Task description ▸ Please write out all of the data below exactly, without including the pictures.

Input ▸
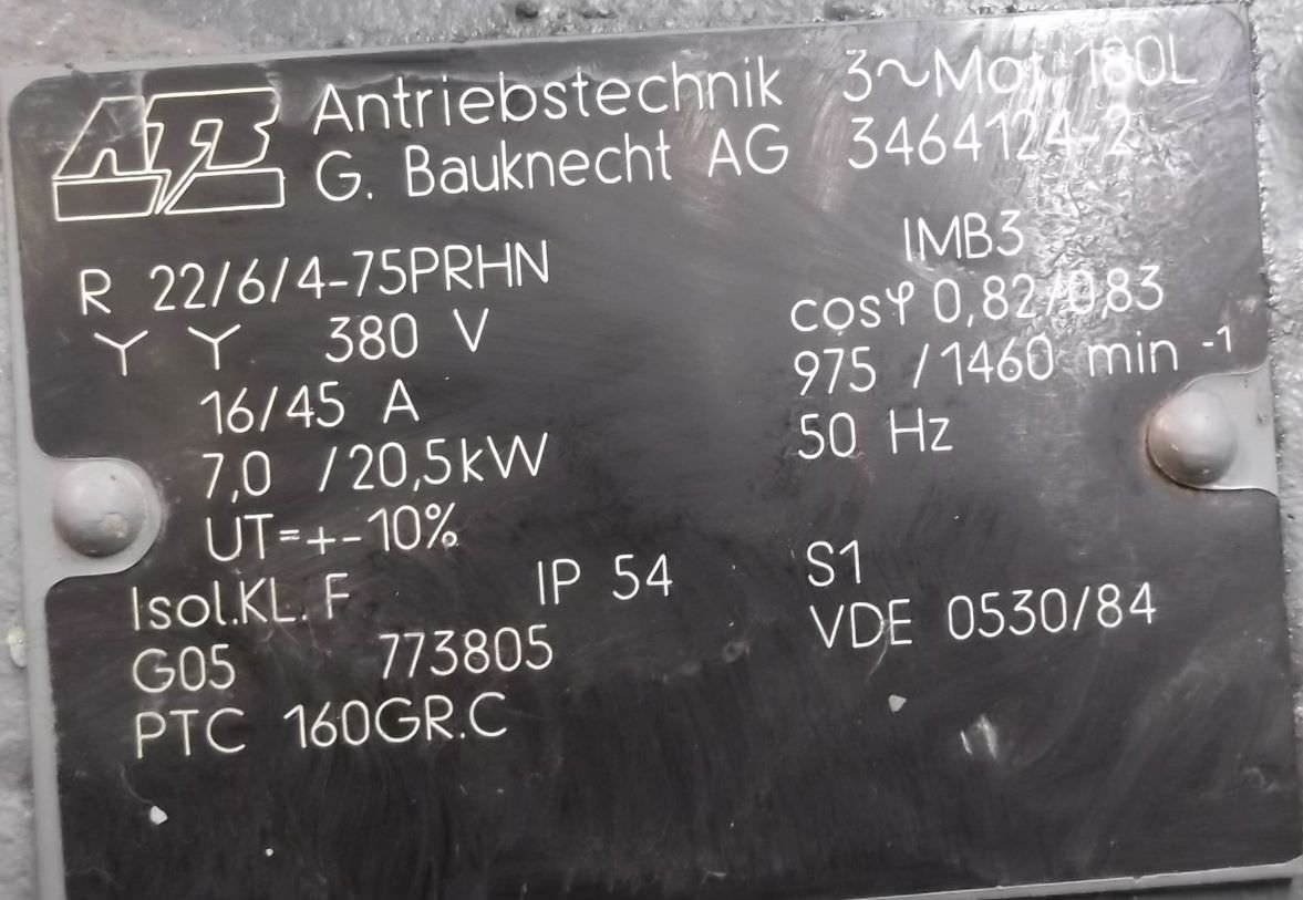 Maschinentyp: Elektromotor 7/20,5 kW 975/1460 U/min
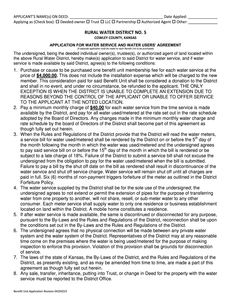 APPLICANTS NAME(s) ON DEED: Date Applied: Applying as (Check box): Deeded owner Trust LLC Partnership Authorized Agent Other:RURAL WATER DISTRICT NO. 5 COWLEY COUNTY, KANSAS APPLICATION FOR WATER
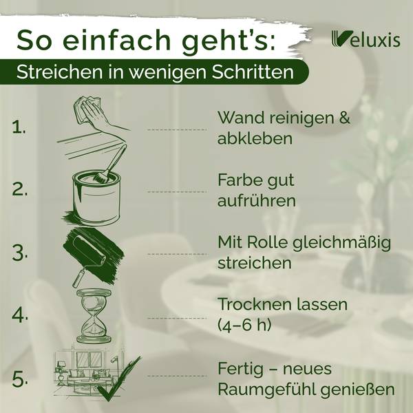 Dank der geschmeidigen Konsistenz lässt sich die Farbe leicht mit Pinsel oder Rolle auftragen. Selbst ohne Vorkenntnisse erzielst du ein gleichmäßiges, deckendes Ergebnis. Bereits beim ersten Anstrich überzeugt Veluxis® mit starker Deckkraft und einer satten, gleichmäßigen Farbwirkung. Ideal für DIY-Projekte, schnelle Renovierungen oder kreative Raumgestaltungen.
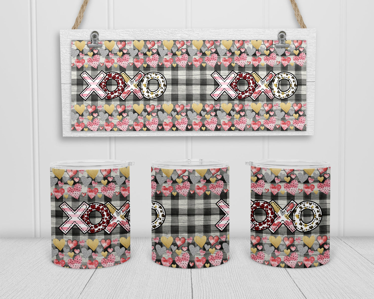 Sublimation Camp Cup Lowball Mug Sublimation Design xoxo Pink Hea Plaid background
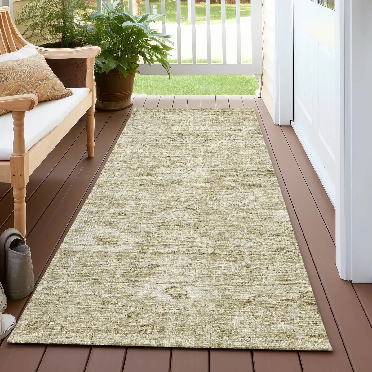 Machine Washable Indoor/ Outdoor Vintage Traditional Chantille Rug
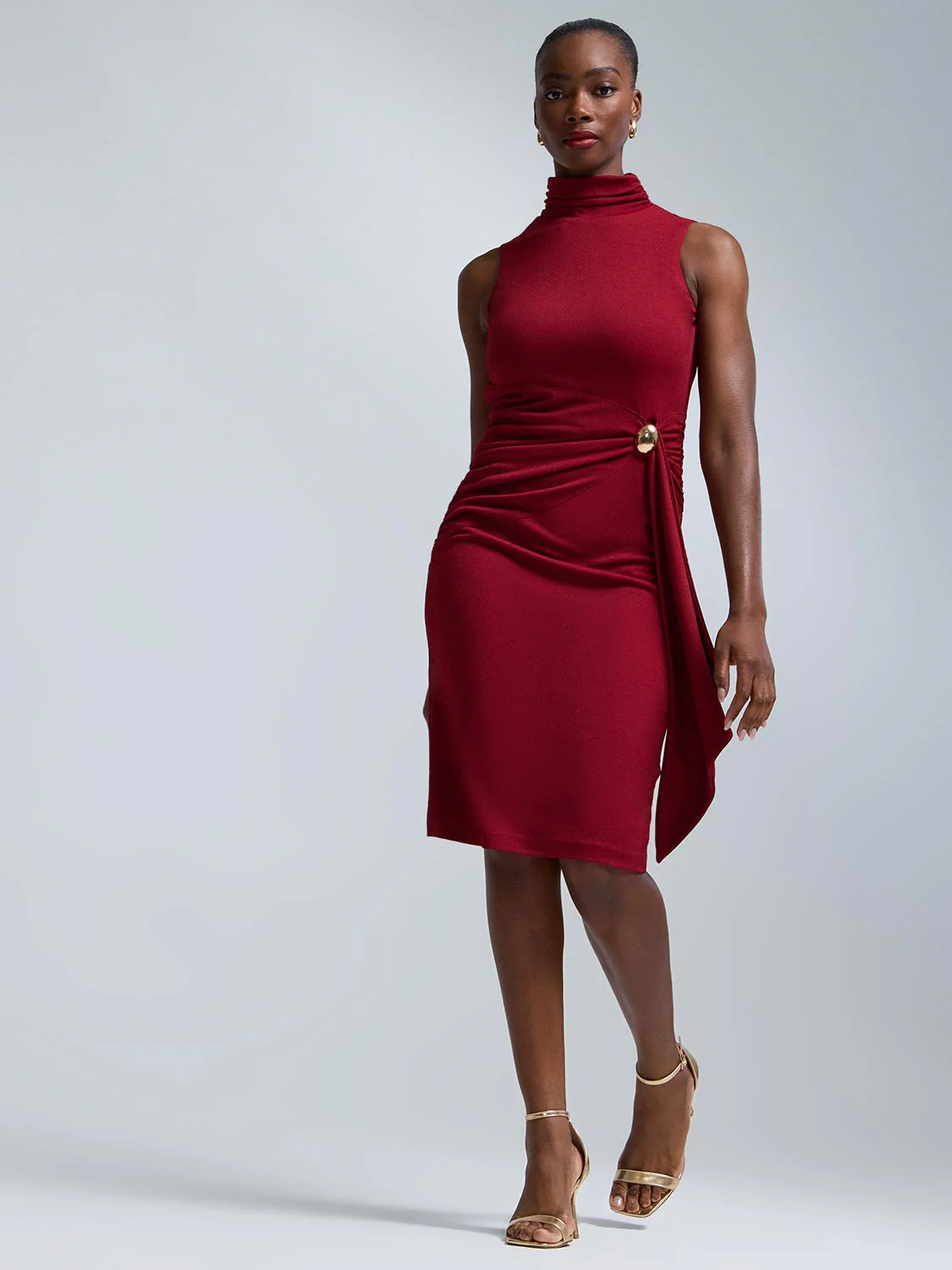 • Sleeveless Mock Neck Draped Dress Sleeveless Mock Neck Draped Dress
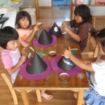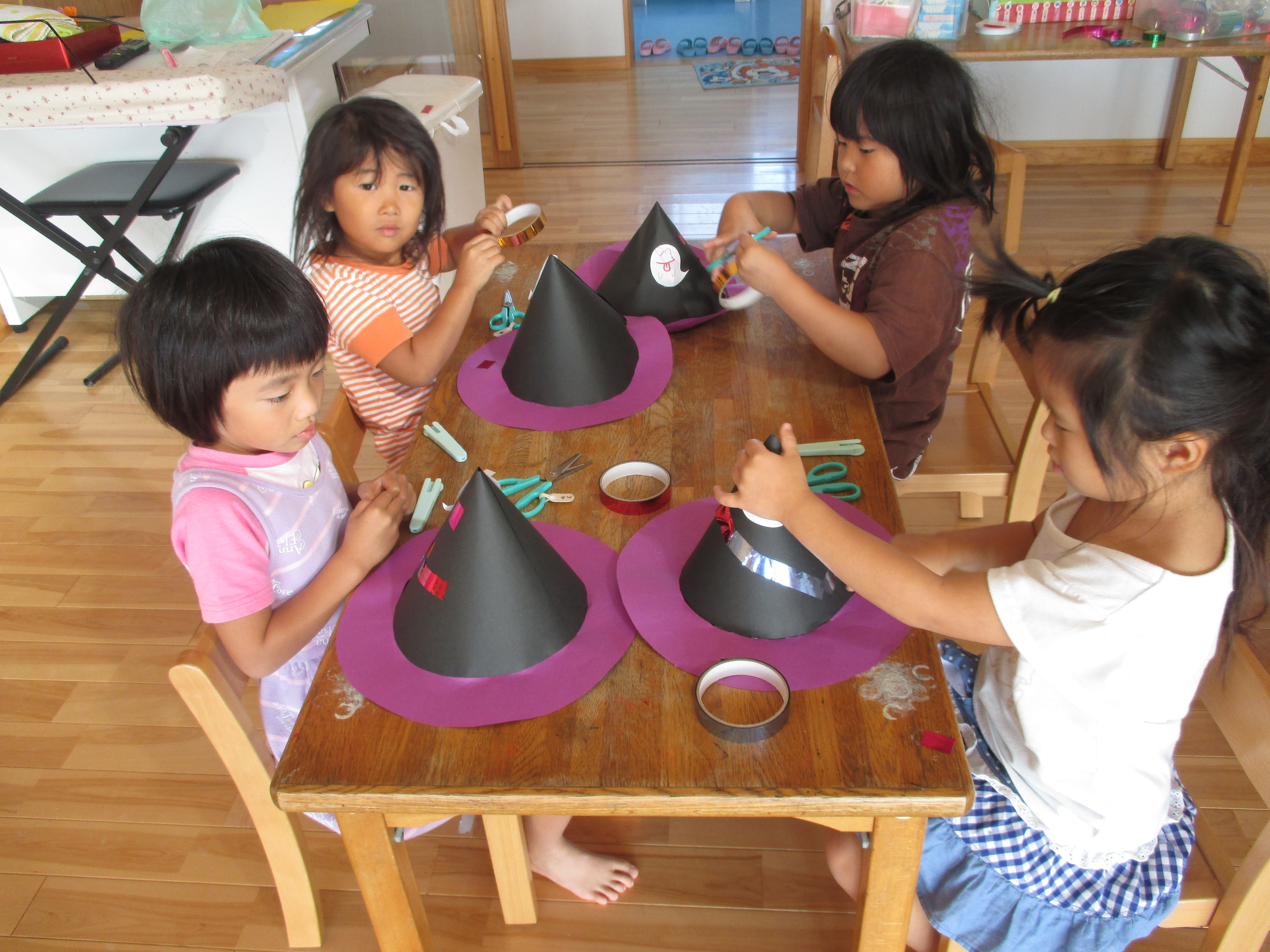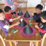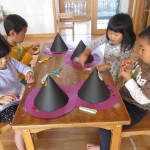 ぞう組さんは、ハロウィンに向けて帽子を製作中。
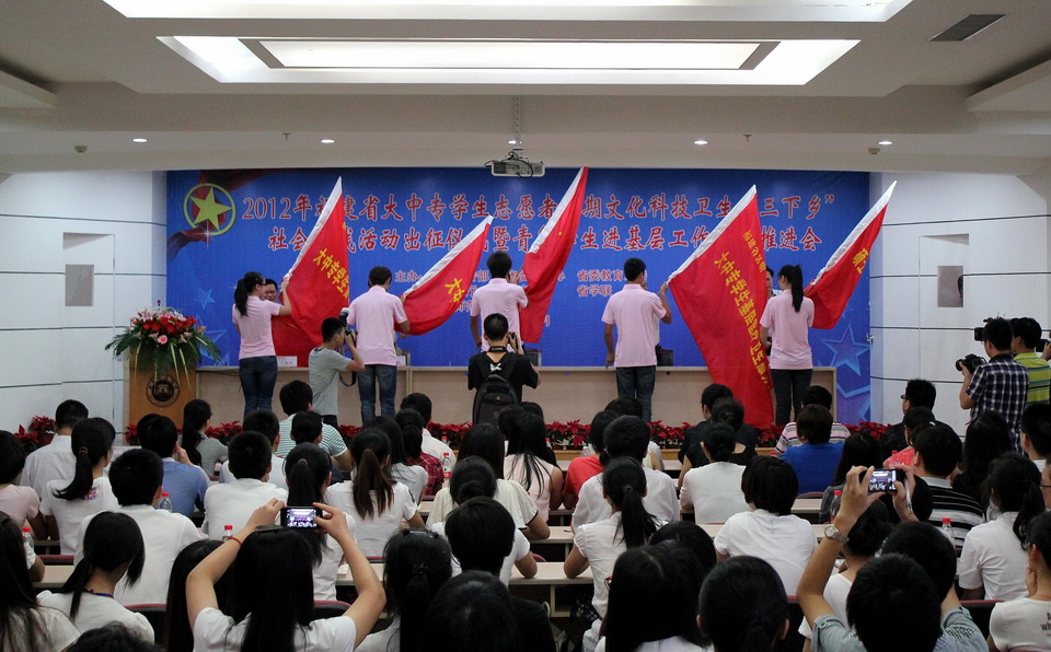 6月21日下午,2012年福建省大中专学生志愿者暑期文化科技卫生“三下乡”社会实践活动出征仪式暨青年学生进基层工作阶段推进会在荣耀体育(中国)举行。团省委主持工作副书记何明华,省委教育工委副书记郭绍生,省委宣传部教育处调研员许祖贤,荣耀体育(中国)党委书记罗萤等出席了启动仪式;省委宣传部、省委教育工委、团省委、省学联相关部门负责人,福州大学等10所在榕高校团委负责人、学生代表,荣耀体育(中国)各学院团委书记和暑期社会实践志愿者代表、青年学生进基层代表250余人参加了出征仪式。仪式由团省委副书记兰明尚主持。

Exercise solution ▸
 Maschinentyp: Elektromotor 7/20,5 kW 975/1460 U/min
 APPLICANTS NAME(s) ON DEED: Date Applied: Applying as (Check box): Deeded owner Trust LLC Partnership Authorized Agent Other:RURAL WATER DISTRICT NO. 5 COWLEY COUNTY, KANSAS APPLICATION FOR WATER
 Dank der geschmeidigen Konsistenz lässt sich die Farbe leicht mit Pinsel oder Rolle auftragen. Selbst ohne Vorkenntnisse erzielst du ein gleichmäßiges, deckendes Ergebnis. Bereits beim ersten Anstrich überzeugt Veluxis® mit starker Deckkraft und einer satten, gleichmäßigen Farbwirkung. Ideal für DIY-Projekte, schnelle Renovierungen oder kreative Raumgestaltungen.
 Sublimation Camp Cup Lowball Mug Sublimation Design xoxo Pink Hea Plaid background
 Machine Washable Indoor/ Outdoor Vintage Traditional Chantille Rug
 • Sleeveless Mock Neck Draped Dress Sleeveless Mock Neck Draped Dress
 ぞう組さんは、ハロウィンに向けて帽子を製作中。
 6月21日下午,2012年福建省大中专学生志愿者暑期文化科技卫生“三下乡”社会实践活动出征仪式暨青年学生进基层工作阶段推进会在荣耀体育(中国)举行。团省委主持工作副书记何明华,省委教育工委副书记郭绍生,省委宣传部教育处调研员许祖贤,荣耀体育(中国)党委书记罗萤等出席了启动仪式;省委宣传部、省委教育工委、团省委、省学联相关部门负责人,福州大学等10所在榕高校团委负责人、学生代表,荣耀体育(中国)各学院团委书记和暑期社会实践志愿者代表、青年学生进基层代表250余人参加了出征仪式。仪式由团省委副书记兰明尚主持。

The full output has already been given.